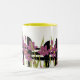Elevate your coffee or tea experience with this charming ceramic mug, meticulously designed with vibrant pink flowers featuring sunny yellow centres. Surrounded by lush green stems and leaves, the floral pattern is perfectly contrasted against a sleek black fence backdrop, making this mug a true statement piece. The interior boasts a bright yellow lining that not only complements the exterior design but also adds a cheerful pop of colour to your drinkware collection. Resting gracefully on a clean, white surface, this mug is not just a functional item but also a delightful artwork that brings a touch of nature into your home or office.
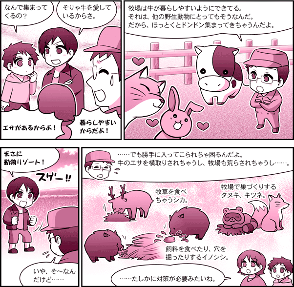 農研機構【ガイドコミック】 第3話・牧場と野生動物 ~どうやって共存する?~ 目次へ
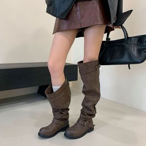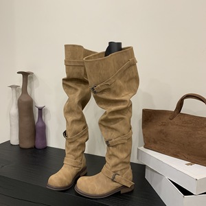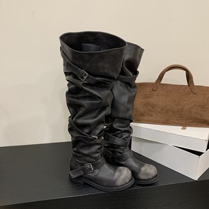 555-2~粗跟法式过膝长靴女靴子2025年秋冬季新款高筒堆堆靴
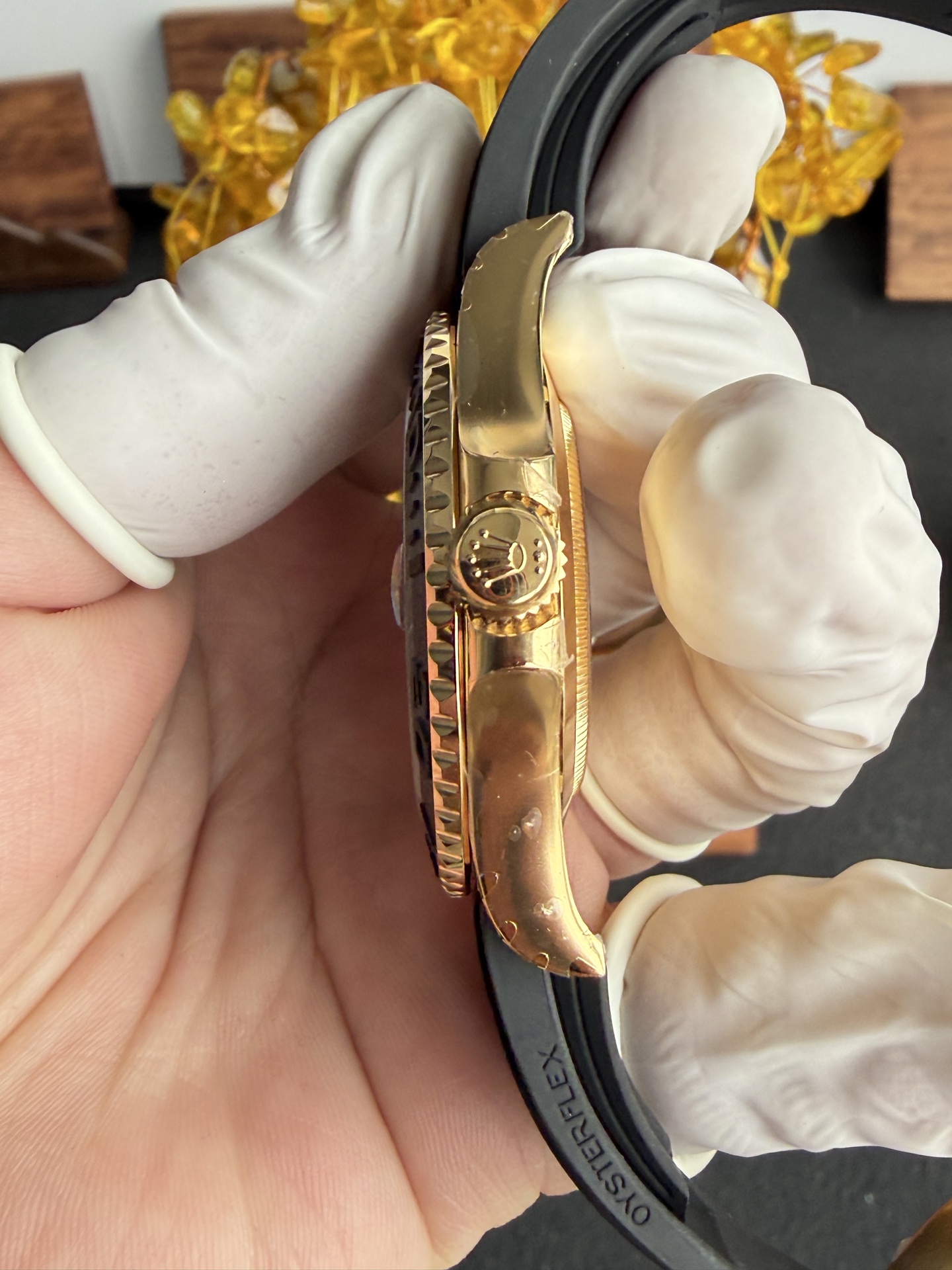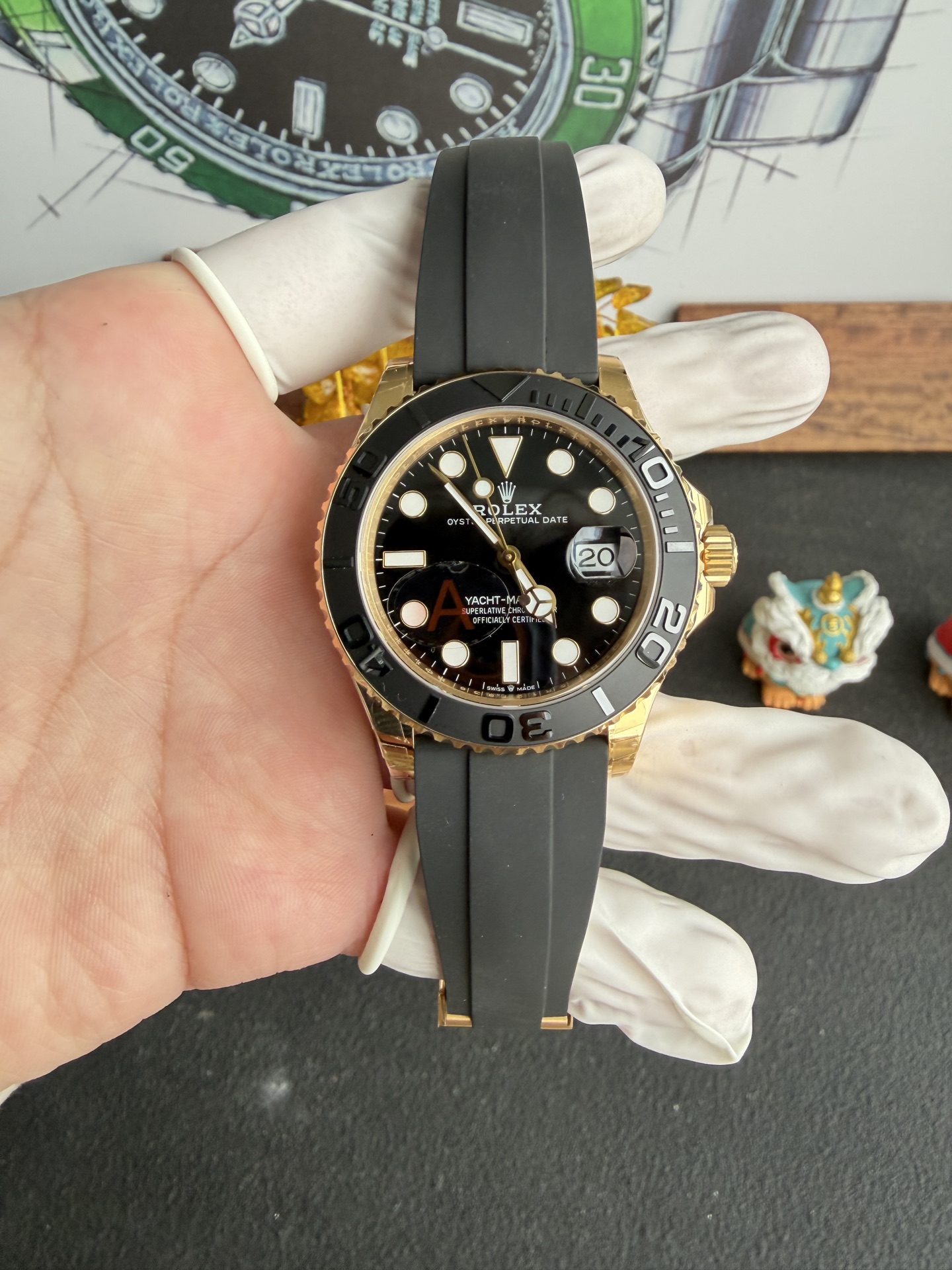 Detailed video of Rolex Yacht-Master 226658 Yellow Gold Black Dial Top Quality Replica 42mm at Py-Luxury:

···

> _Exercise prompt_
Leave the pictures out, and copy exactly each line from the one containing "農研機構【ガイドコミック】 第3話・牧場と野生動物 ~どうやって共存する?~ 目次へ" through the final line of the data.

> _Solution below_
 農研機構【ガイドコミック】 第3話・牧場と野生動物 ~どうやって共存する?~ 目次へ
 555-2~粗跟法式过膝长靴女靴子2025年秋冬季新款高筒堆堆靴
 Detailed video of Rolex Yacht-Master 226658 Yellow Gold Black Dial Top Quality Replica 42mm at Py-Luxury:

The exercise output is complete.